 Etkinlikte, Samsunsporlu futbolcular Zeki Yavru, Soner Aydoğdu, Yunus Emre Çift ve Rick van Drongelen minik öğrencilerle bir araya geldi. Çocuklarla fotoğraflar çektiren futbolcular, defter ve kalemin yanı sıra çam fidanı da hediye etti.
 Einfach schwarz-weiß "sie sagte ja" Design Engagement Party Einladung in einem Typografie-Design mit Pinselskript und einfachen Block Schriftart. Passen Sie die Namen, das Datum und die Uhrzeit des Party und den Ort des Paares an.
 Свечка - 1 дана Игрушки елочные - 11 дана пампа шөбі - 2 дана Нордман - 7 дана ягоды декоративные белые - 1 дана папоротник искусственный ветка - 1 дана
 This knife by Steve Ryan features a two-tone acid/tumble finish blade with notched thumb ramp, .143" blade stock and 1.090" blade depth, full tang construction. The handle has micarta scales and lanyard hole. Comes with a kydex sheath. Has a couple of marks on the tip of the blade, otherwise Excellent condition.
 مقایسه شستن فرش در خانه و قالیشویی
----
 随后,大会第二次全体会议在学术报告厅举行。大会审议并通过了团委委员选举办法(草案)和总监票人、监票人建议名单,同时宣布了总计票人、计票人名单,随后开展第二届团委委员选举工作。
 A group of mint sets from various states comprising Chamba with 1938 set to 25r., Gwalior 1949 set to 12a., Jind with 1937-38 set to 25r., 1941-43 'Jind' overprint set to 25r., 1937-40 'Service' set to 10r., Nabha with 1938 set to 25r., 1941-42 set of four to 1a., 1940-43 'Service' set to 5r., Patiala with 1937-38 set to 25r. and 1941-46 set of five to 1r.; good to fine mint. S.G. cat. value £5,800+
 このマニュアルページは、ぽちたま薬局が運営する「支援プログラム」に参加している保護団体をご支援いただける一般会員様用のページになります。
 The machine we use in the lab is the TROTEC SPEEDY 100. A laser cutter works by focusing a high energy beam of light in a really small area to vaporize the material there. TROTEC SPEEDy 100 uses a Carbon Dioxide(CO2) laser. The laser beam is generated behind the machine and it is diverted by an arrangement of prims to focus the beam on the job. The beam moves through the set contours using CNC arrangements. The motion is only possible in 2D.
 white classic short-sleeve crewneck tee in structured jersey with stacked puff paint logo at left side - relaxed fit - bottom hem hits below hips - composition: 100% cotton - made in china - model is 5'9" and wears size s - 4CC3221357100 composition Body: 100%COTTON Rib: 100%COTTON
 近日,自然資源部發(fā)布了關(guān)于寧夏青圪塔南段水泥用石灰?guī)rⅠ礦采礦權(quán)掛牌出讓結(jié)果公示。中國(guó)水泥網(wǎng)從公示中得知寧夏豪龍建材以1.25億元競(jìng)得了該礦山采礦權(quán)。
----
Extract from the records above the lines from the one containing "随后,大会第二次全体会议在学" to the one containing "The machine we", both lines included, exactly as they appear and with nothing else.

 随后,大会第二次全体会议在学术报告厅举行。大会审议并通过了团委委员选举办法(草案)和总监票人、监票人建议名单,同时宣布了总计票人、计票人名单,随后开展第二届团委委员选举工作。
 A group of mint sets from various states comprising Chamba with 1938 set to 25r., Gwalior 1949 set to 12a., Jind with 1937-38 set to 25r., 1941-43 'Jind' overprint set to 25r., 1937-40 'Service' set to 10r., Nabha with 1938 set to 25r., 1941-42 set of four to 1a., 1940-43 'Service' set to 5r., Patiala with 1937-38 set to 25r. and 1941-46 set of five to 1r.; good to fine mint. S.G. cat. value £5,800+
 このマニュアルページは、ぽちたま薬局が運営する「支援プログラム」に参加している保護団体をご支援いただける一般会員様用のページになります。
 The machine we use in the lab is the TROTEC SPEEDY 100. A laser cutter works by focusing a high energy beam of light in a really small area to vaporize the material there. TROTEC SPEEDy 100 uses a Carbon Dioxide(CO2) laser. The laser beam is generated behind the machine and it is diverted by an arrangement of prims to focus the beam on the job. The beam moves through the set contours using CNC arrangements. The motion is only possible in 2D.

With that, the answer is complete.